一系列研究工作探讨了基于人类评分或排序的强化学习，包括 Akrour 等人 (2011)、Pilarski 等人 (2011)、Akrour 等人 (2012)、Wilson 等人 (2012)、Sugiyama 等人 (2012)、Wirth 和 Fürnkranz (2013)、Daniel 等人 (2015)、El Asri 等人 (2016)、Wang 等人 (2016) 以及 Wirth 等人 (2016)。其他研究方向则考虑了基于偏好而非绝对奖励值的强化学习一般问题 (Fürnkranz 等人, 2012; Akrour 等人, 2014; Wirth 等人, 2016)，以及在非强化学习环境中使用人类偏好进行优化的研究 (Machwe 和 Parmee, 2006; Secretan 等人, 2008; Brochu 等人, 2010; Sørensen 等人, 2016)。

Our algorithm follows the same basic approach as Akrour et al. (2012) and Akrour et al. (2014), but considers much more complex domains and behaviors. The complexity of our environments force us to use different RL algorithms, reward models, and training strategies. One notable difference is that Akrour et al. (2012) and Akrour et al. (2014) elicit preferences over whole trajectories rather than short clips, and so would require about an order of magnitude more human time per data point. Our approach to feedback eli citation closely follows Wilson et al. (2012). However, Wilson et al. (2012) assumes that the reward function is the distance to some unknown (linear) “target” policy, and is never tested with real human feedback.

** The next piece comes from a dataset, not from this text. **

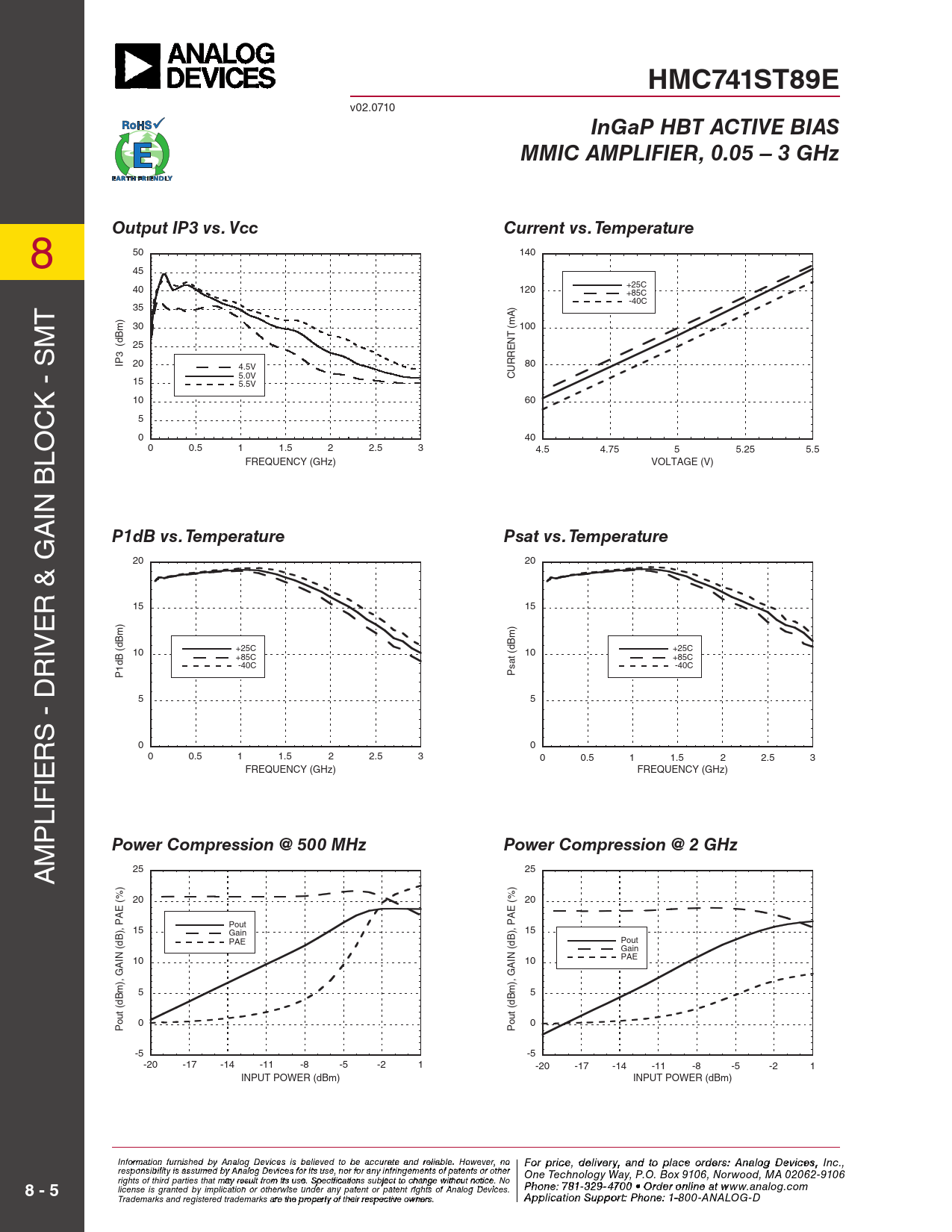 HMC741ST89E v02.0710 InGaP HBT ACTIVE BIASMMIC AMPLIFIER, 0.05 – 3 GHz 8 Output IP3 vs. VccCurrent vs. Temperature 50 140 45 40 120 +25C +85C T -40C 35 ) A ) m m 30 (m 100 T s 25 N E 3 (dB R IP 20 R 4.5V 80 U 5.0V C 15 5.5V k - 10 60 c 5 0 40 lo 0 0.5 1 1.5 2 2.5 3 4.5 4.75 5 5.25 5.5 FREQUENCY (GHz) VOLTAGE (V) in B A P1dB vs. TemperaturePsat vs. Temperature 20 20 r & G 15 15 e iv (dBm) +25C (dBm) +25C r 10 10 +85C +85C -40C -40C P1dB Psat 5 5 s - D r 0 0 0 0.5 1 1.5 2 2.5 3 0 0.5 1 1.5 2 2.5 3 ie FREQUENCY (GHz) FREQUENCY (GHz) lif p m Power Compression @ 500 MHzPower Compression @ 2 GHz A 25 25 ) 20 20 (% (% E E A A ), P 15 Pout Gain ), P 15 PAE Pout (dB (dB Gain IN IN 10 10 PAE A A ), G ), G m 5 m 5 out (dB 0 out (dB 0 P P -5 -5 -20 -17 -14 -11 -8 -5 -2 1 -20 -17 -14 -11 -8 -5 -2 1 INPUT POWER (dBm) INPUT POWER (dBm) Inf F or o m rat ip o r n ifc ur e n ,is hd e e d lbiv y e Anry alo a g n D d evi cto es ips la beclie ev eo d rtd o e b r e sa: ccH ur iattte itaen M d reliic a r bl o e w . H a o v weev eC r, o n r o For price, delivery, and to place orders: Analog Devices, Inc., responsibility is assumed by Analog Devices for its use, nor for any infringements of patents or other poration, 20 Alpha Road, Chelmsford, MA 01824 One Technology Way, P.O. Box 9106, Norwood, MA 02062-9106 Phone: 978-250-3343 Fax: 978-250-3373 rights of third parties that may result from its use. Specifications subject to change without notice. No Or P d hoe n r e O : 7 n- 81-li 3 n 2 e 9- a 4 t 7 0 www 0 • O . rdh e itt r o it n e li . n co e a m 8 - 5 license is granted by implication or otherwise under any patent or patent rights of Analog Devices. t www.analog.com Application Support: Phon Trademarks and registered trademarks are the property of their respective owners. e: 978-250-334 A 3 p p liocra t ia o pp n S s u @ p h por ittti : Pte. ho c n o e m : 1-800-ANALOG-D

我们的算法遵循与 Akrour 等人 (2012) 和 Akrour 等人 (2014) 相同的基本方法，但考虑了更复杂的领域和行为。环境的复杂性迫使我们使用不同的强化学习 (RL) 算法、奖励模型和训练策略。一个显著的差异是，Akrour 等人 (2012) 和 Akrour 等人 (2014) 获取的是对整个轨迹而非短片段的偏好，因此每个数据点需要大约多一个数量级的人类时间。我们的反馈获取方法紧密遵循 Wilson 等人 (2012)。然而，Wilson 等人 (2012) 假设奖励函数是到某个未知（线性）“目标”策略的距离，并且从未使用真实的人类反馈进行测试。

TAMER (Knox, 2012; Knox and Stone, 2013) also learns a reward function from human feedback, but learns from ratings rather than comparisons, has the human observe the agent as it behaves, and has been applied to settings where the desired policy can be learned orders of magnitude more quickly.

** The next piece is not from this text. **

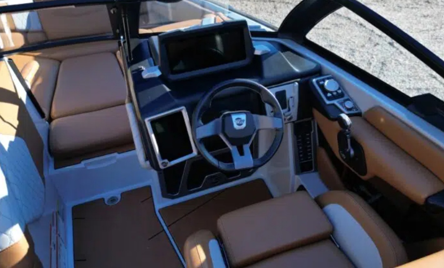 Under the hatch, this M220 is powered by Malibu’s elite Monsoon M6DI—a direct-injected 6.2L powerhouse known for its reliability, quiet operation, and massive torque. The M6 is the sweet spot in Malibu’s engine lineup, offering the perfect combination of fuel efficiency and raw pulling power, even when the boat is fully loaded with ballast and crew.

TAMER (Knox, 2012; Knox and Stone, 2013) 也从人类反馈中学习奖励函数，但它从评分而非比较中学习，让人类观察智能体的行为，并且已经应用于可以更快学习期望策略的场景。

Compared to all prior work, our key contribution is to scale human feedback up to deep reinforcement learning and to learn much more complex behaviors. This fits into a recent trend of scaling reward learning methods to large deep learning systems, for example inverse RL (Finn et al., 2016), imitation learning (Ho and Ermon, 2016; Stadie et al., 2017), semi-supervised skill generalization (Finn et al., 2017), and boots trapping RL from demonstrations (Silver et al., 2016; Hester et al., 2017).

与之前的所有工作相比，我们的关键贡献是将人类反馈扩展到深度强化学习中，并学习更复杂的行为。这符合最近将奖励学习方法扩展到大型深度学习系统的趋势，例如逆向强化学习 (Finn et al., 2016)、模仿学习 (Ho and Ermon, 2016; Stadie et al., 2017)、半监督技能泛化 (Finn et al., 2017) 以及从演示中进行引导强化学习 (Silver et al., 2016; Hester et al., 2017)。

2 Preliminaries and Method

2 预备知识与方法

2.1 Setting and Goal

2.1 设置与目标

We consider an agent interacting with an environment over a sequence of steps; at each time $t$ the agent receives an observation $o_{t}\in\mathcal{O}$ from the environment and then sends an action $a_{t}\in\mathcal A$ to the environment.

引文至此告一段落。